1) Avoid ATI at all costs! They have great hardware (Radeon series) but they couldn't write a decent device driver to save their corporate lives!
ATI's software is terrible, and it causes severe problems with their cards...
2) You cannot upgrade the RAM on a video card anymore. It's allways soldered directly to the card.
3) Any card that says 'TwinView' or 'Dual Head' means that it has ports for 2 monitors on the back, so you can hook 2 screens to the same card.

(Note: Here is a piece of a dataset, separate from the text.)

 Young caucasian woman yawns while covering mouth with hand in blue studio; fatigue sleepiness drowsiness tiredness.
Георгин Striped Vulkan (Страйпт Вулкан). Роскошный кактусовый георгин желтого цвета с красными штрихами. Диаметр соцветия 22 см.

4) Allways buy nVidia cards. Their hardware is equal to or better than ATI (depends on which month it is), and their software is top notch. They support all major OSes (Mac, Linux, Windows 98-XPain), and I've never had a problem... (I've owned both ATI and nVidia. With ATI, the Linux XFree86 drivers (which were NOT written by ATI) were great, but the Windows ones that ATI wrote were TERRIBLE!)
Edited to add that I just looked at your system specs...

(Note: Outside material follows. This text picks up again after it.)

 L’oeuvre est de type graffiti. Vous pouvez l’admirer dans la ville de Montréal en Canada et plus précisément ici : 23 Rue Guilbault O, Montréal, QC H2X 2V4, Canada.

An Intel 350mhz won't have the hardware to take full advantage of a new card... It will work (and it's a good idea if you anticipate moving up to a new motherboard/RAM/CPU combo soon), but you should think about a new AMD based motherboard with DDR RAM soon.
A new mobo will fit in your existing case, so all you replace is the CPU, motherboard, and your system RAM. Stay away from Intel (they're slower over all, even though the clock rate is higher. Think stock Honda Civic vs stock 350 Trans Am - the Civic redlines at much higher RPMS, but is much slower), and get an Athlon XP.